= Sexual abuse and intellectual disability =

Research published from 2000 to 2020 illustrates increased prevalence rates of sexual violence against people with intellectual disabilities, compared to the general population.^{:61} The World Health Organization (WHO) funded a study which concluded that 15% of the adult population worldwide in 2012 had a disability, putting them at increased risk of physical, sexual, and intimate partner violence. Of that 15%, 6.1% had intellectual disability with 5.5% experiencing sexual violence. In another 2012 report, the WHO found that worldwide, children with intellectual disabilities experienced a 4.6 times greater risk of sexual violence than those without disability.

In the United States, the Bureau of Justice Statistics reported in the National Crime Victimization Survey the rate of sexual violence for those with an intellectual disability is five times higher than for those without any disability. Both men and women with intellectual disabilities experience sexual violence that includes rape, sexual coercion without physical force, and sexual experiences without physical contact. Perpetrators of sexual violence are not only strangers but can be caregivers, acquaintances, and intimate partners. The perpetrator of the assault often determines if the crime will be reported.

While people with intellectual disabilities experience sexual violence in many of the same ways as the general population,^{:73} those with intellectual disability may be more vulnerable to sexual violence because of their dependence on others for economic support, personal care, and support with tasks associated with daily living such as bathing and eating.
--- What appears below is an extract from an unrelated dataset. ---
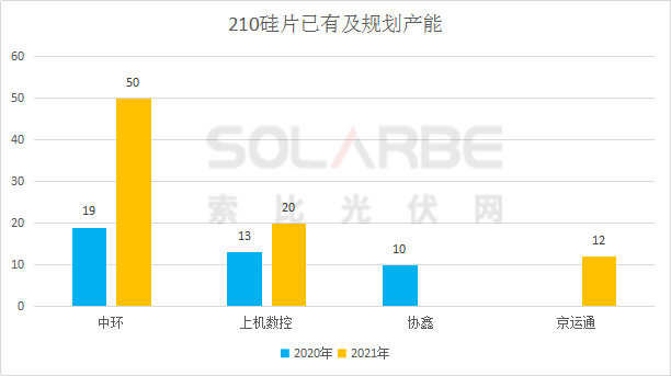 通過(guò)梳理現(xiàn)有以及規(guī)劃中的210產(chǎn)能,索比光伏網(wǎng)發(fā)現(xiàn),2020年底中環(huán)、上機(jī)數(shù)控、協(xié)鑫三家的210硅片產(chǎn)能已達(dá)42GW,2021年210硅片產(chǎn)能規(guī)劃已超92GW。由此看來(lái),2021年210大尺寸硅片迭代速度將超乎預(yù)期。

They often encounter additional issues related to their disability and the environments in which they live. These additional issues can include questions around the ability to consent to sexual activities, differential treatment before the law and restricted access to proper support and recovery services. Societal attitudes and beliefs about the sexuality of those with intellectual disabilities and the validity or accuracy of their claims of abuse are additional risk factors. Finally, racial and ethnic discrimination with disability discrimination increase the risk of sexual violence.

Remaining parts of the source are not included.